Não é minha intenção arranhar distinções dos diplomatas, esses profissionais da árdua e frustrante tarefa de relativizar a visão de chefes de Estado e terroristas imbuídos de um irremovível etnocentrismo.
Foi esse esforço diplomático de relativização que me levou ao espanto quando, em O Globo do dia 20 do corrente, li uma reportagem na qual um diplomata chamou a polícia ao receber uma carta anônima contendo o desenho colorido de um “pênis alado ou voador”.
Pois quem – num universo hipermachista como o brasileiro – não imagina um fantasioso membro viril com asas, esse atributo que todo terrestre inveja nos pássaros, anjos e super-heróis? Quem não fica intrigado com esses membros viris com capacidade permanente de subir, vencendo todos, todas e todes, sem precisar beber no lago azul?
Intrigou-me que um glorioso “pênis voador” não tenha combinado com a diplomacia que enfrenta repulsivas patifarias, como guerras, narcisismos e má-fé. Muito pior que o desenho colorido de uma “piroca alada” são os drones que destroem moradias e instalações fundamentais à vida.

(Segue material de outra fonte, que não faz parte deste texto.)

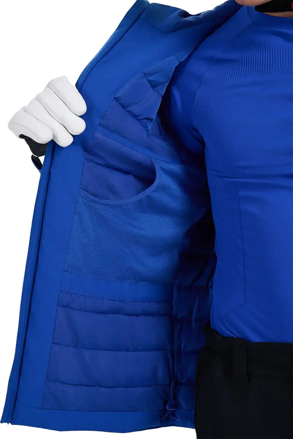 Kurtka została wyposażona w lekką ocieplinę poliestrową, która zapewnia ciepło bez zbędnego obciążania ciała. To rozwiązanie idealne dla tych, którzy cenią sobie swobodę ruchów, jednocześnie nie rezygnując z odpowiedniego komfortu cieplnego. Dodatkowo pikowana podszewka wzmacnia efekt izolacji termicznej, co jest istotne podczas niskich temperatur. Zintegrowany kaptur to kolejny element, który zapewnia ochronę przed śniegiem i wiatrem. Jest to szczególnie przydatne w warunkach zmiennej pogody, kiedy to zaskakujące podmuchy wiatru mogą utrudnić narciarską przygodę. Jednokierunkowy zamek główny umożliwia łatwe i szybkie zapięcie, co jest niezwykle praktyczne podczas dynamicznych zjazdów.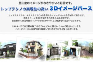 | 特徴 | トップテクノの特徴は、3DCADを使ってパースを制作してくれるところです。3Dイメージパースで、様々な角度から作成したデザインを確認できます。そのため、施工後のイメージがわきやすいです。 |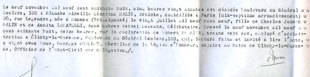 1968 Acte de décès (Clichy-la-Garenne, France)

Nas civilizações antigas e no Oriente, o pênis ereto com ou sem asas era um símbolo de sorte, força, amor, potência e, claro, de fertilidade. Os “pênis alados”, como os anjos, representam uma perenidade impossível no mundo real.
Todos os portadores desse órgão singular e preso a um corpo sabem dos seus caprichos. Pois se dedos, mãos, braços, pernas, língua e cabeça obedecem cegamente à vontade do dono do corpo do qual fazem parte, esse órgão causador de alvoroço no Itamaraty tem uma índole peculiar: não sendo automático, ele pode subir ou sumir.
Sua relação misteriosa com a consciência explica a idealização das asas reveladoras das vontades penianas que a vontade do seu suposto dono desconhece. São essas peculiaridades que o “cazzo volante” certamente expressava tanto na velha Roma quanto na nossa cosmologia.
Termino com uma curiosidade. Um nobre italiano, colega de estudos na Harvard dos anos 1960, presenteou-me com uma escultura desse mágico membro voador que guardo no mais elevado patamar da minha mais alta estante.
Quando estou pensando em morrer ou fracassar, olho esse símbolo certo de que ele vai me defender das hesitações que não ficam bem num jovial antropólogo de 88 primaveras!